How do binary stars survive in star clusters?
Crowded cosmic regions tend to pull stellar pairs apart. So what chance do binary stars have of staying together?
From my first sight of Albireo through a telescope, with its blue and yellow components, I’ve always been fascinated by binary stars. They’ve always seemed
to me too fragile an arrangement to survive.
That instinct isn’t wrong; all but the closest and most tightly bound binaries are vulnerable to being pulled apart by gravitational interactions with passing stars or their surroundings.
We know that binary stars are common – nearly half of solar-type stars are in pairs, with half of those being separated by more than 100 Astronomical Units (where 1 AU is the Earth to Sun distance), and hence vulnerable to disruption.
If these systems are indeed easily disrupted by interactions, we should expect more of them when we look at younger populations, such as those in open clusters.
Read more from Chris Lintott:
A paper by Niall Deacon (Max Planck Institute for Astronomy) and Adam Kraus (University of Texas at Austin) looks at double stars within some well-known open clusters, to see how they are holding up.
The clusters studied in the paper include some of the most famous and familiar in the sky, but the authors use the latest data and techniques.

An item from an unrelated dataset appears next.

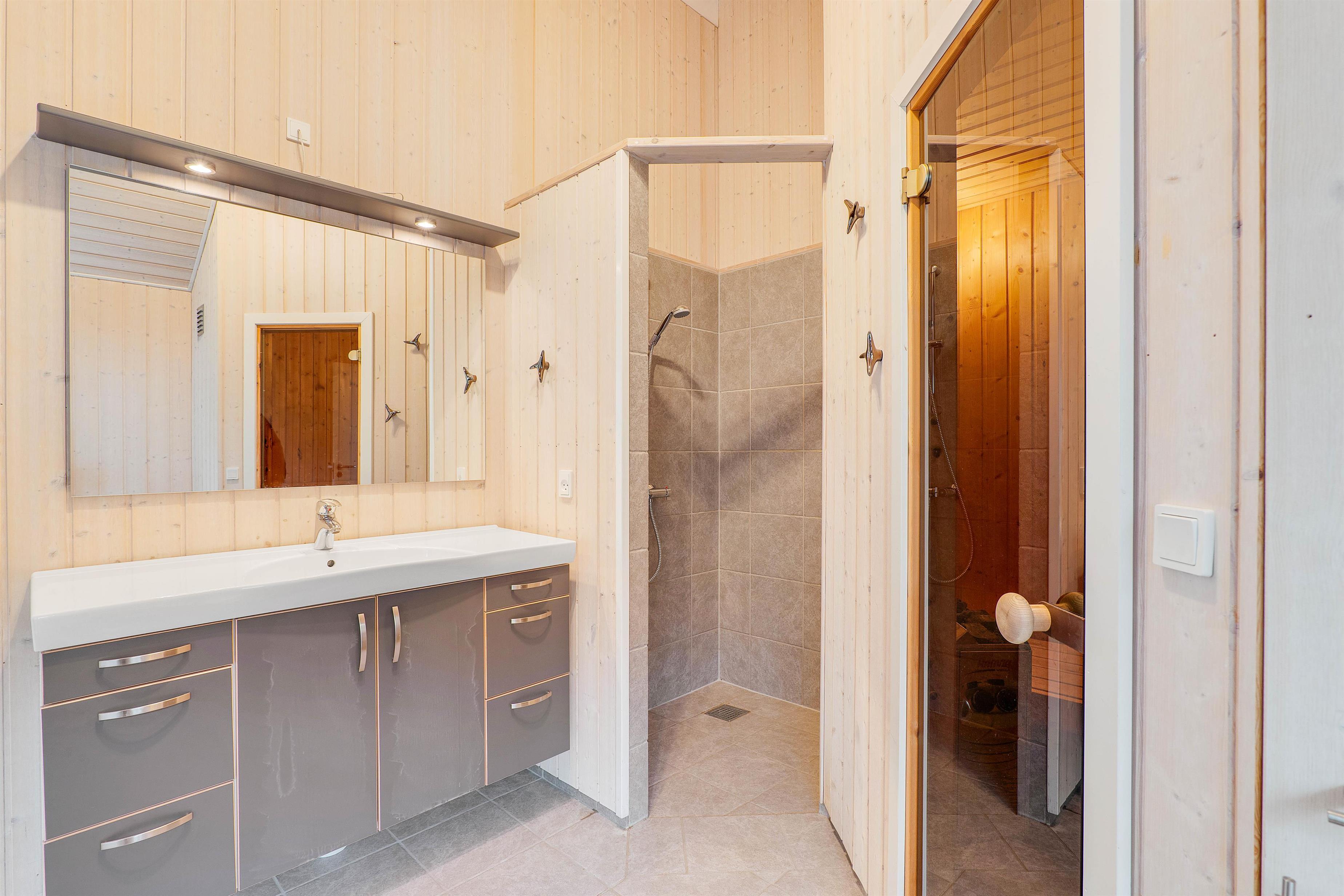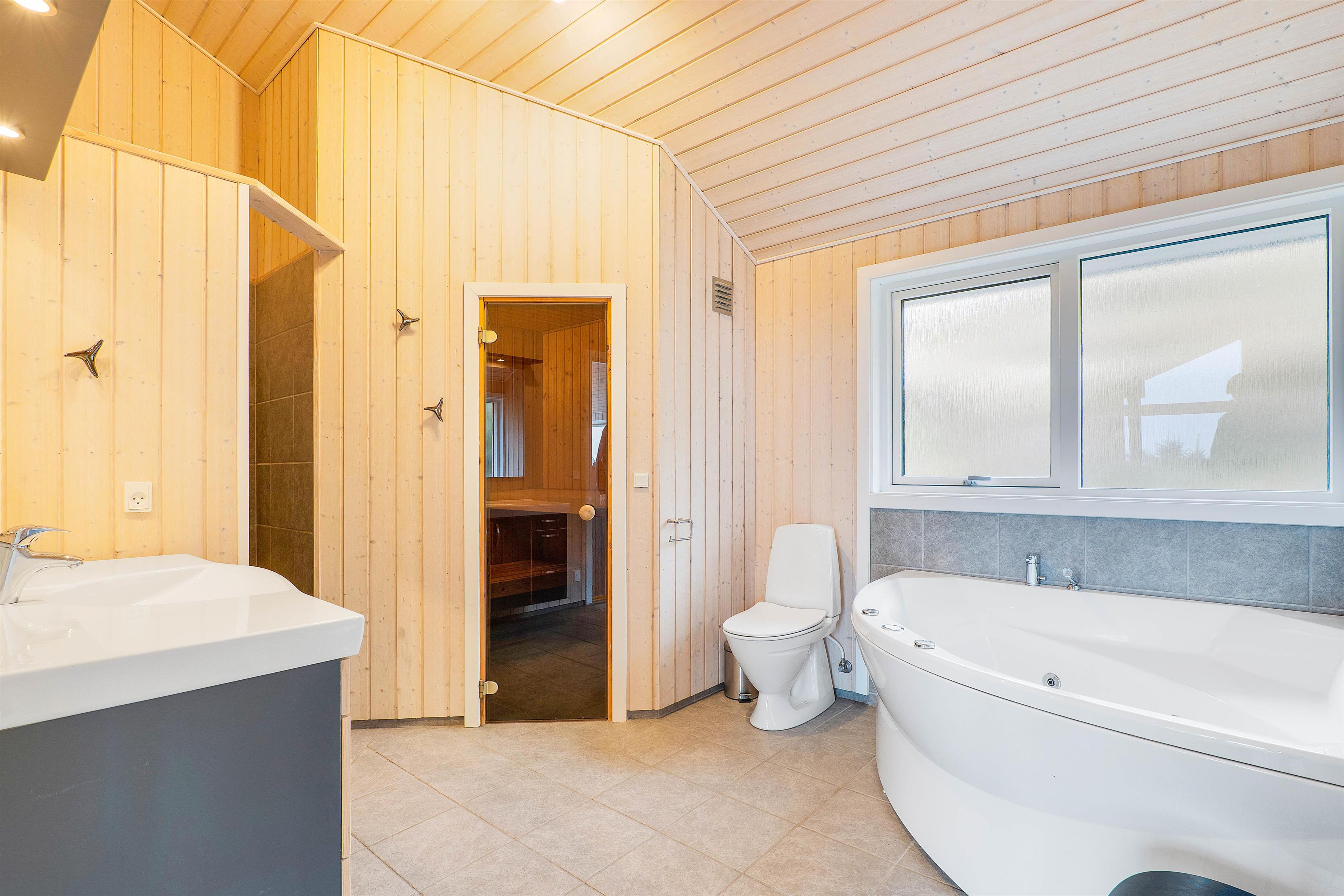 Sommerhuset råder over 2 badeværelser med gulvvarme, hvoraf det ene er udstyret med både spabad og sauna – Så tænd op i saunaen efter en dejlig gåtur ved Vesterhavet og lad varmen trænge helt ind i kroppen, wellness for krop og sjæl.
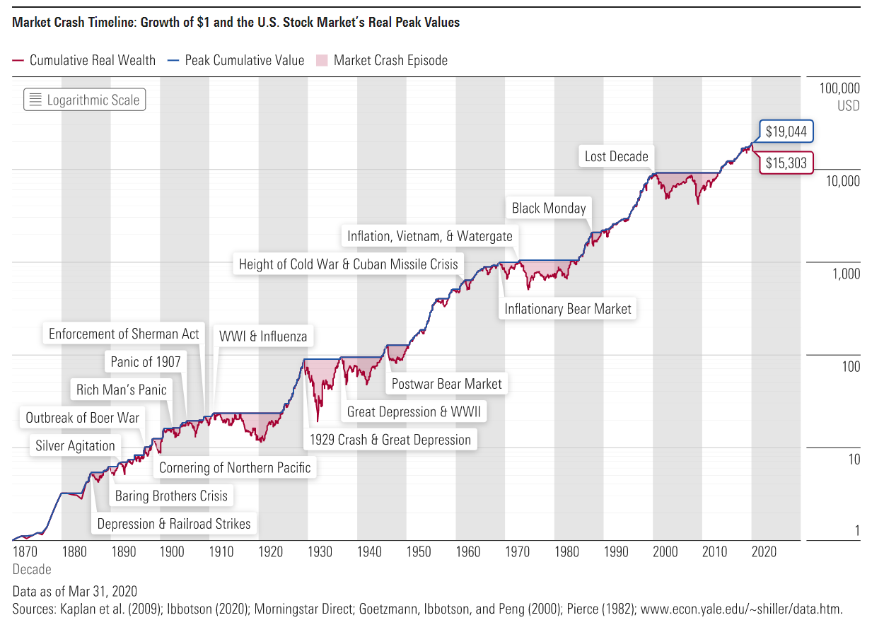Markets go up, markets go down. For those with a short time horizon and a large exposure to the stock market, that can be devastating. For you, folks with a long time horizon and small exposure to the stock market (relative to your lifetime investments), it’s mostly noise. The good folks at Morningstar created (What Prior Market Crashes Can Teach Us About Navigating the Current One, 4/16/2020), and gave us permission to share, a picture of the long-term significance of short-term terrors.

The team looked through the data from ESA’s Gaia mission in order to identify members of the Pleiades, Beehive and Alpha Persei clusters.

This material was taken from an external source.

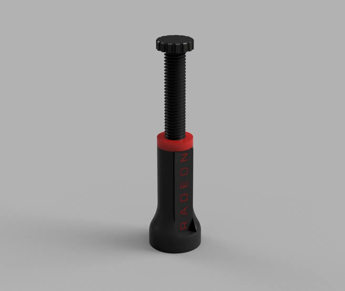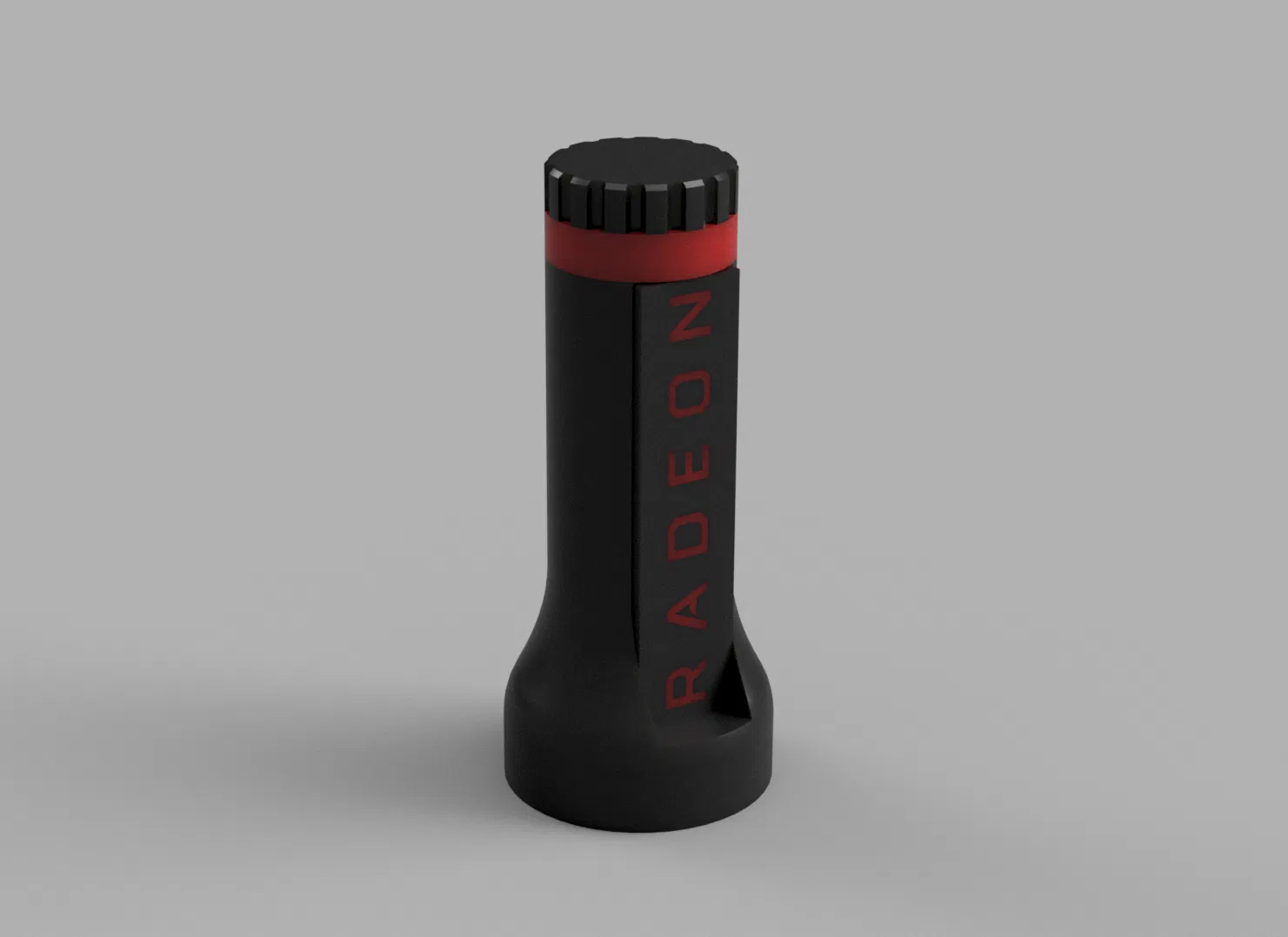 Mẫu giá đỡ/chống xệ cho GPU Radeon, chỉnh được chiều cao 70–120mm. Lắp ráp gồm gắn logo nvidia, dán spacer màu xanh vào thân chính, rồi lắp ốc/vít để canh độ cao. In 0,2mm layer, 5 walls, 40% infill, không cần supports.
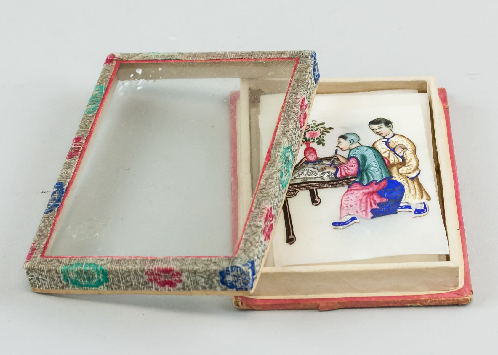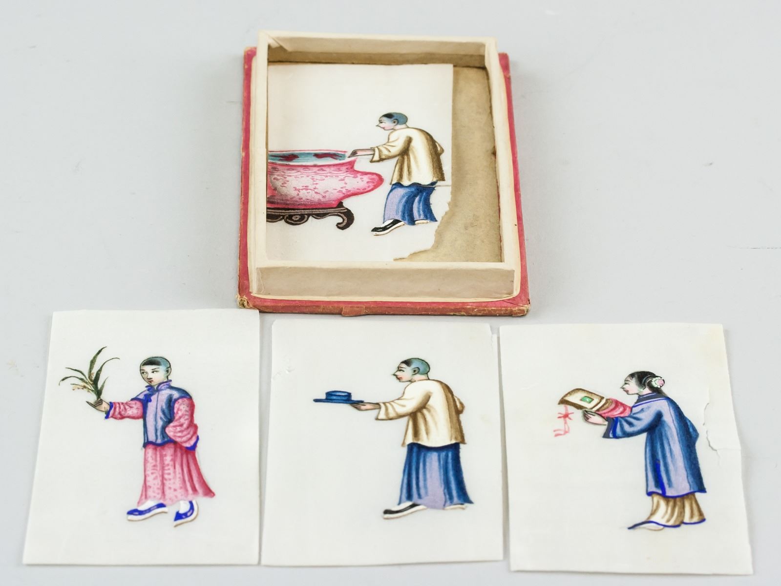 Ink and watercolor on rice paper, with box. Featuring 7 pieces of figure painting. 12 x 8 cm

Gaia’s ability to provide information on how stars are moving is critical here. Stars that move together can be identified as cluster members, rather than interlopers that just happen to lie in the same part of the sky.
This technique identifies large numbers of cluster stars; over a thousand for the Pleiades and Beehive, and 815 for Alpha Persei, and the information on how stars move can be even more useful.
Stars in binaries – even wide binaries – should be moving together through space, and the precision of the Gaia measurements is such that such associations stand out from the collective motion of the cluster.
Think about finding groups of friends in a crowd; the crowd may all be moving in the same direction, but you can spot groups by the fact they move together.
In each case, between 2–3% of stars turn out to be in wide binaries, a number that is noticeably lower than for stars which do not lie in such clusters.
This makes sense. Stars formed within the dense environment of a cluster like these are much more likely to suffer a close interaction with a neighbour. Stars jostle within the cluster itself and such encounters seem to have the effect of disrupting binaries.
It’s especially telling that the fraction of binaries is lower in the known clusters than in objects called young moving groups.
These loose agglomerations of stars travel together across the sky and probably represent the result of star formation in lower density environments – where encounters will be less common and thus where binaries can live relatively unmolested lives.
The authors also make a comparison to a group of young stars known as the Pisces-Enceladus stream, which is the same age as the Pleiades.
The difference in their number of binaries seems to confirm that – at least for wide binaries – it’s not how old you are that matters, it’s where you were born.
Chris was reading Wide binaries are rare in open clusters by NR Deacon and AL Kraus.